Anyways… let the adventure begin!
 
It is exciting...but please give them another water supply ...big dish with gravel say...and put the pool away til they fix on it. My ten year old got a bee caught in her hair Friday 200m or more and two high hedges away from our hives and ended up with a nasty sting. Smaller children could be put off bees....and you still only have a few....

Sent from my GT-I9100 using Tapatalk 2
 
Hope you have not bought a nuc of bumblebees... there are some unscrupulous folk around...........
:eek::willy_nilly::willy_nilly::willy_nilly::eek:

Remember the Rat that Miguel was sold as a Hamster in Faulty Towers ![/
I]
 
Thanks susbees... good call! Bucket with rocks and water now 5m from the hive!
 
If it looks good I might swap positions of the last brood frame with an un-drawn frame. Your thoughts?

I think I'm right in saying that you shouldn't do that, as you will be exposing the brood. Better to put an undrawn frame between the brood and stores if you're in a hurry to draw them out.

Personally I would just leave them to it, maybe turn the outside frames around once they get that far, to get them to draw the other side.
 
They are a nuc, so I would not be moving frames around at this stage. When you have 5 or 6 frames of brood and a good strong colony, sure. Leave them to grow, and as long as the weather holds, no need to feed.

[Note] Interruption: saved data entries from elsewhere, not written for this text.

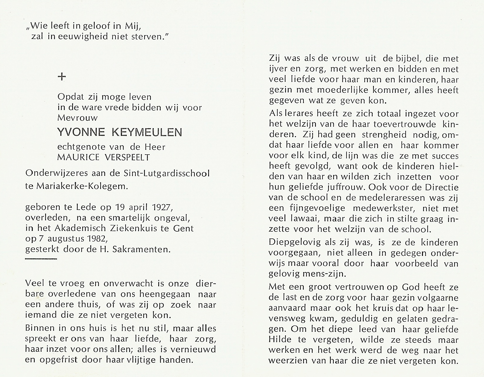 Overlijden van een kleindochter | Yvonne Keymeulen 7 augustus 1982 |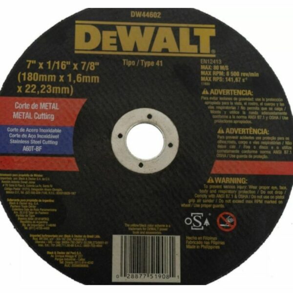 DISCO CORTE METAL INOX 7″(1/16″) DW44602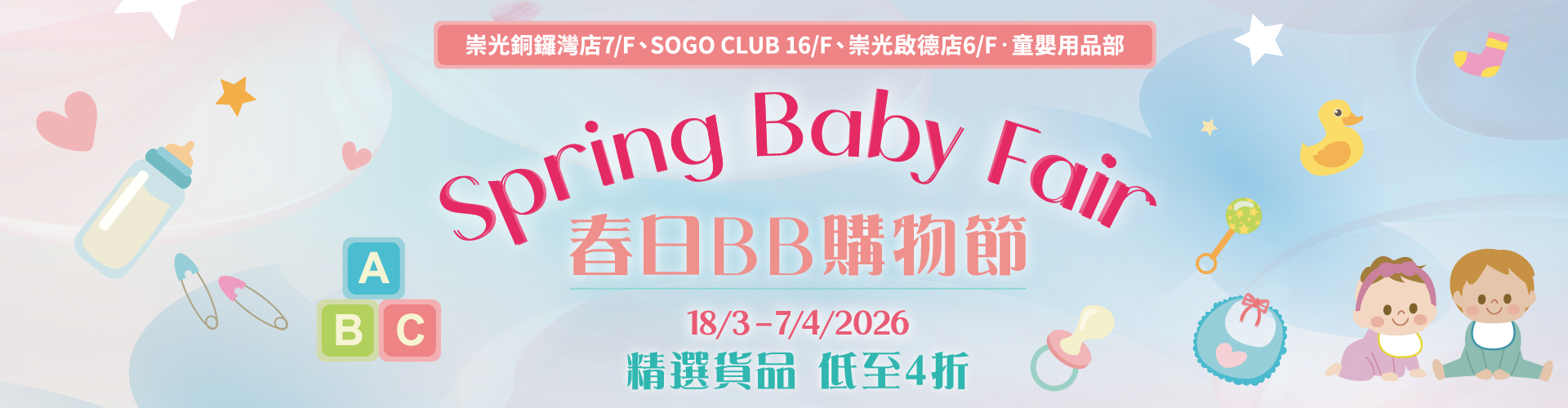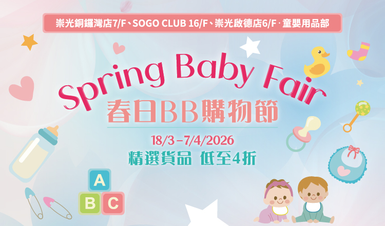 From 18/3 to 7/4/2026, Spring Baby Fair will be held at SOGO Causeway Bay Store and Kai Tak Store.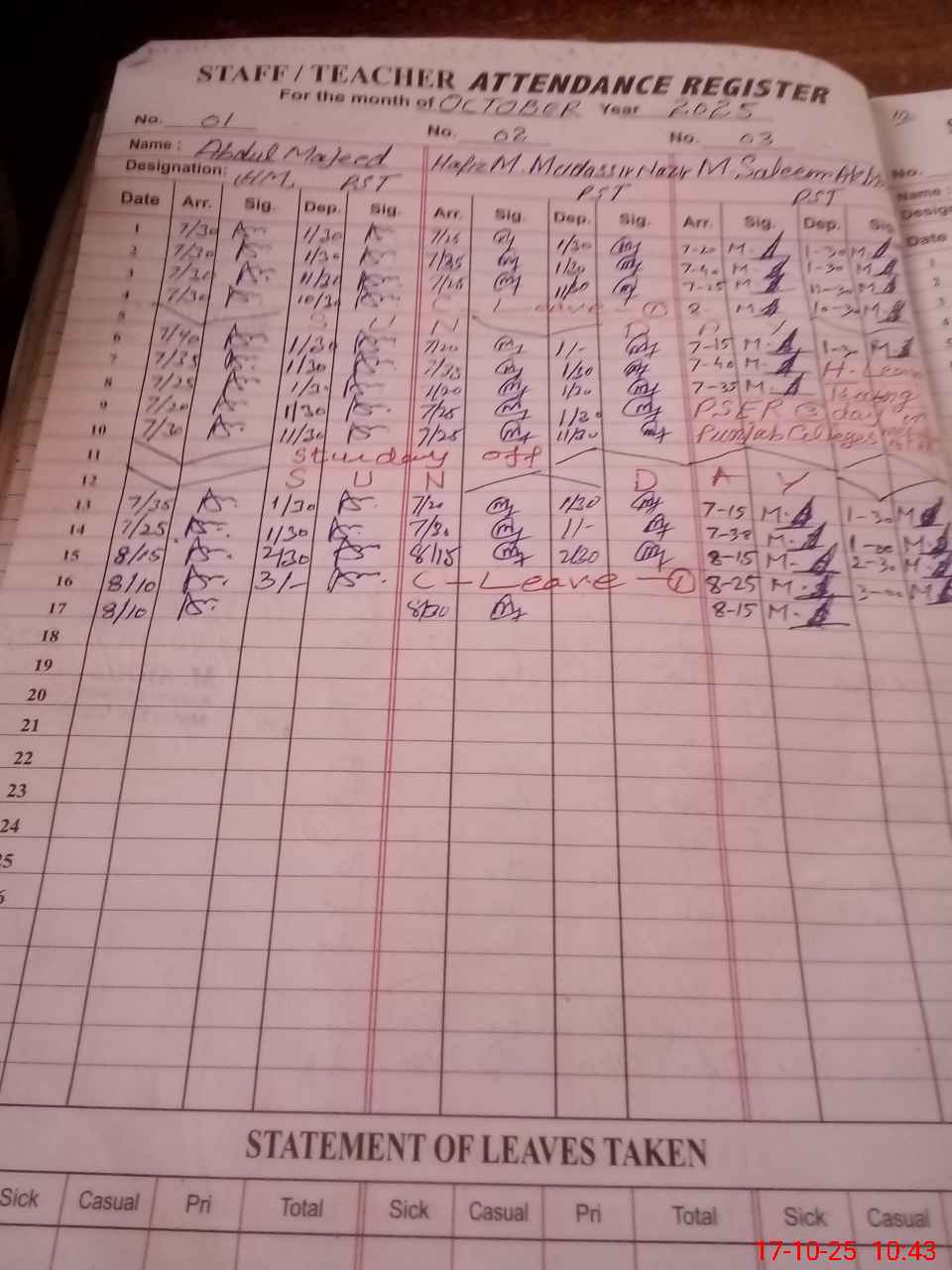 | CNIC | Full Name | Designation | R/C | Absence During Last Calender Month |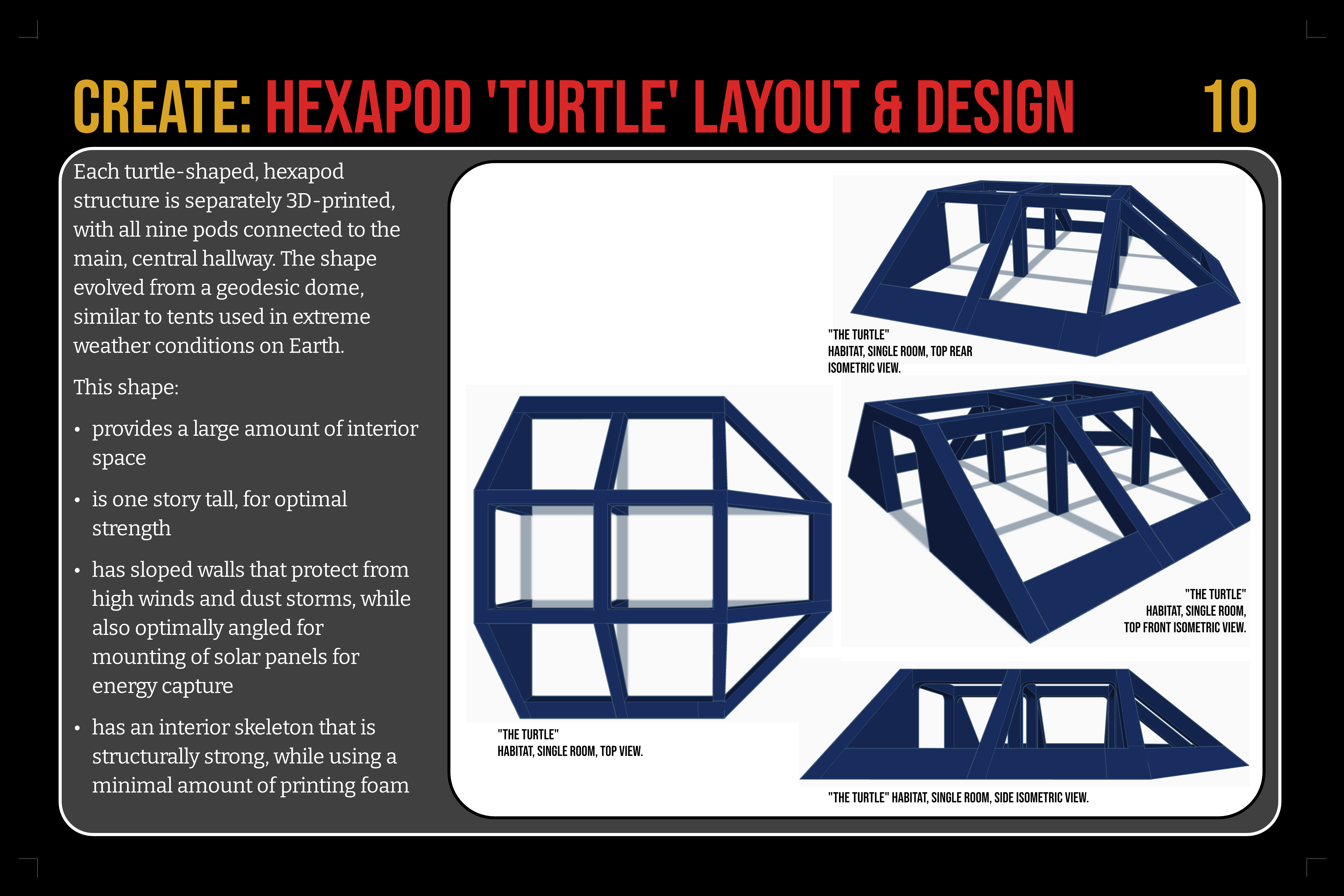 The final design is a six-sided, turtle-shaped structure that I obviously decided to call the Martian Turtle. This design keeps all of the benefits of the Elezering shape, while connecting to a shared corridor that brings life-sustaining services to each turtle.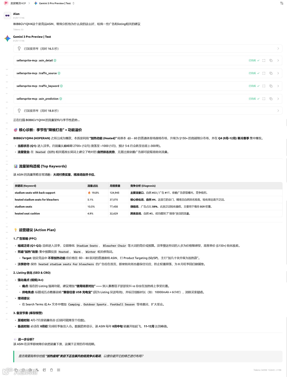 没有MCP:打开卖家精灵,查看各种数据,然后自己记录分析数据,最后才得出结果。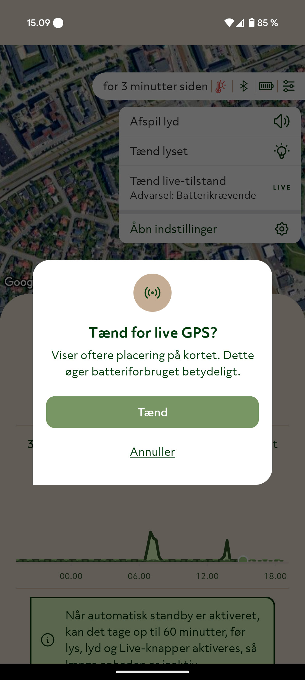 Om man däremot alltid vill veta var hobbyvargen befinner sig kan man slå på live GPS-uppdateringar. Vilket föreslås varje gång man väljer kartfunktionen. Men då sjunker batteritiden ytterligare.

When you check them in a few days, as well as looking for queen and brood, check for new nectar coming in (looks like cells full of water). No idea what the forage is like round you, so it is worth checking that they have something.

Also - at the first inspection, no need to see the queen. If you have eggs, she's in there somewhere.
 
Great advice. The queen came marked and I spotted her when transferring the nuc to the hive. so shouldn't be tough to find later in the week.

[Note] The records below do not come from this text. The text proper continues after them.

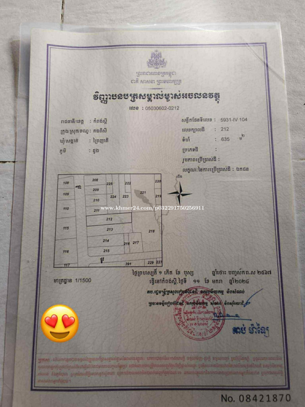 ដីលក់ ទីតាំងដីនៅខេត្តកំពុងស្ពឺ
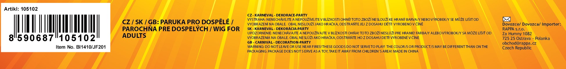 Karnevalová paruka v motivu čertice. Paruká má dlouhé červené vlasy, krátkou ofinou a je dekorována čertími růžky.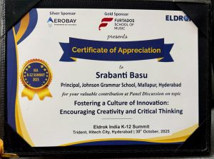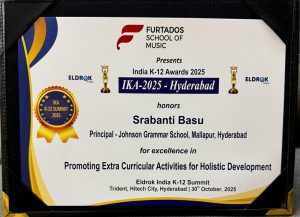 - Mrs. Srabanti Basu, Principal of Johnson Grammar School, Mallapur, was awarded as the "Effective Principal 2024" by Education Today for her exemplary contribution in the field of education.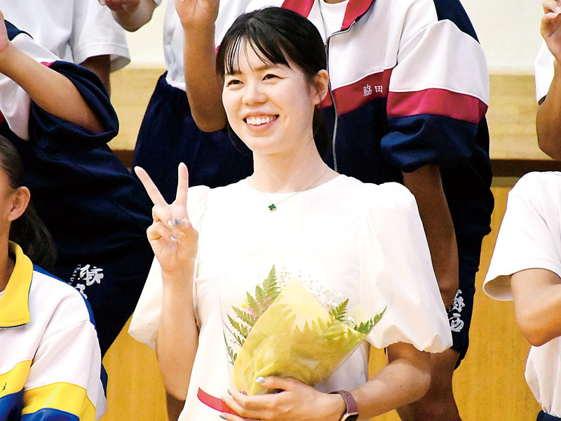 埼玉県川口市立戸塚西中学校(功刀幸代校長)で11日、越谷市出身で元競泳日本代表で、ロンドン、リオ五輪銅メダリストの星奈津美さんが「私の中学時代から今日まで」と題し講演した。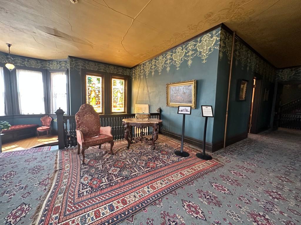 The guests would often stay on the third floor. The man who painted the home stayed on the third floor for two years while completing the project. The detailed stenciling and painting throughout the home is AMAZING!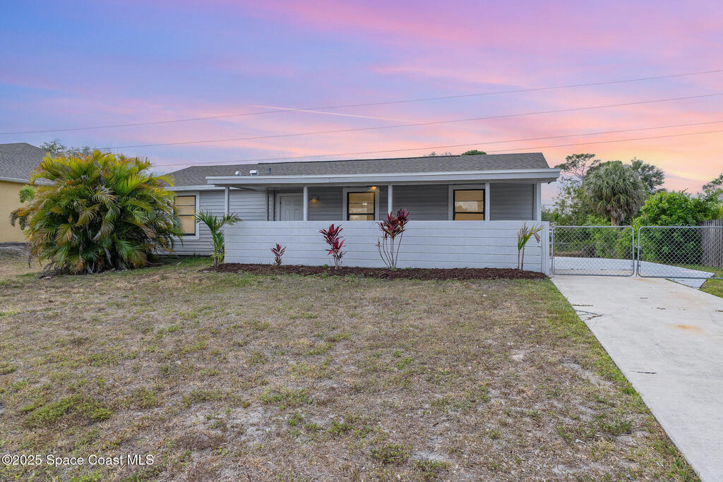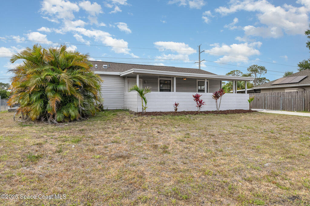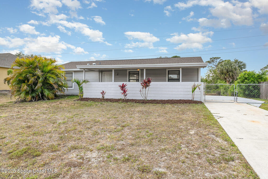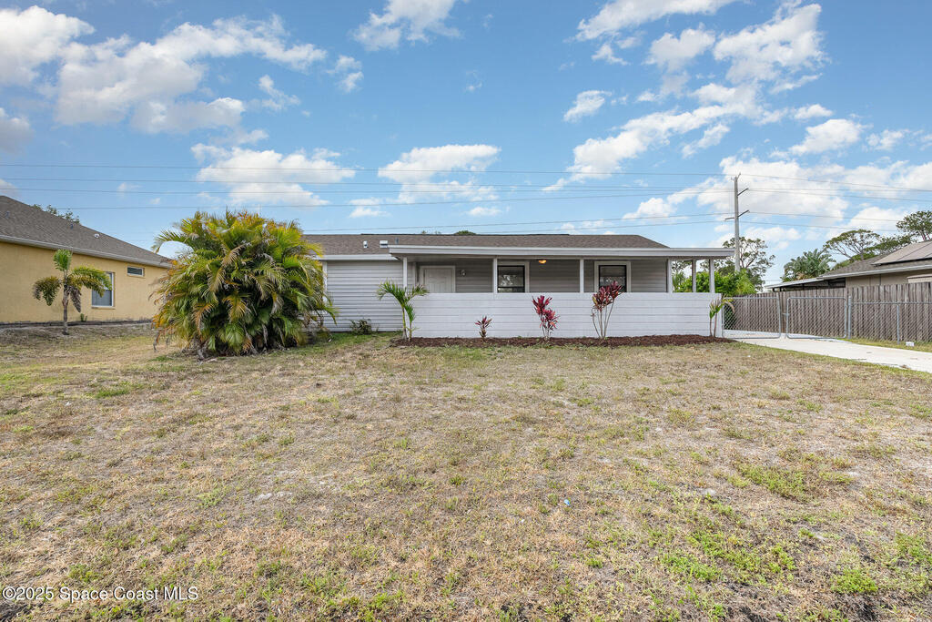 Welcome to this freshly updated 3-bedroom, 2-bath home on a spacious 0.35-acre lot in NW Palm Bay. Featuring new luxury vinyl plank flooring throughout, a split-bedroom layout, and a bright kitchen with a pantry, this 1,104 sq ft residence offers comfort and style. Enjoy outdoor living on the covered porch and patio, with ample room to expand or entertain. Nestled on a quiet street, you're just 12 minutes from I-95 and Hammock Landing Shops, 20 minutes to Downtown Melbourne, and 25 minutes to the beach. Nearby parks include Turkey Creek Sanctuary and Fred Poppe Regional Park. Experience the perfect blend of tranquility and convenience in this move-in-ready home.

There's lots of activity but whilst I sat and starred this afternoon noticed no obvious pollen on the returning bees. Would they still be orienting or are they struggling to find forage? Nearest OSR is about three quarters of a mile but they are on the outskirts of a small village so surrounded by fields. Lots of buttercups in the fields atm.

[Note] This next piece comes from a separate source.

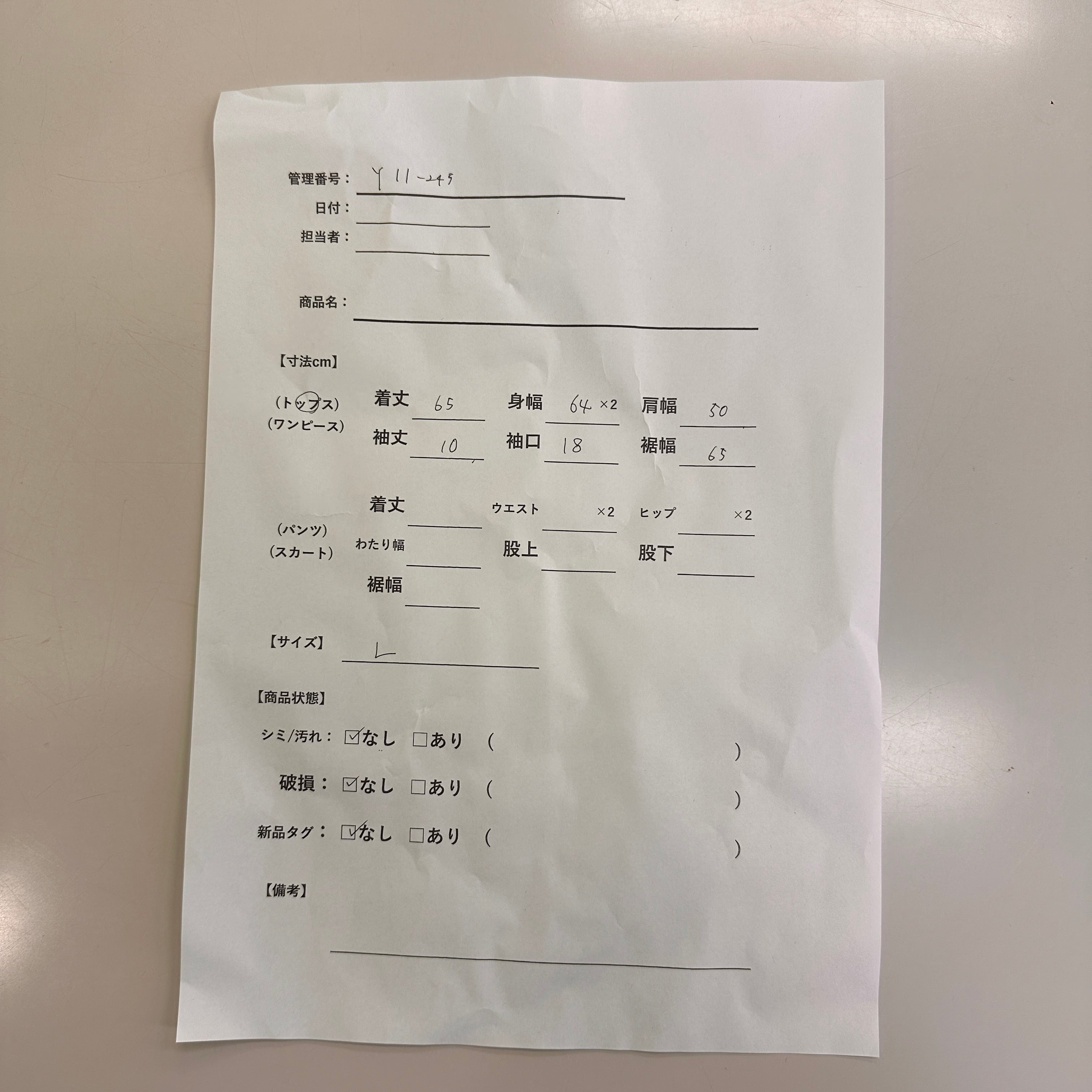 ※素人の採寸のため、誤差が生じる場合がございます。

Thanks for your continued help and interest!!

Mark
 
Hi Mark,

I would imagine, though I don't know, that it will take a while for the bees to get to know thier new area. BUT

How do they locate their food? Smell, sight, luck?

All the best
Jan
 
If it was up to my daughters they'd just follow the signs they've placed around the garden pointing to the flowers!!
 
Bee vision is shifted to shorter wavelengths - so they see UV and colours towards blue. They are "red-blind". No idea what a field of OSR looks like in UV, but from the reaction of the average hive, it probably shines like a searchlight.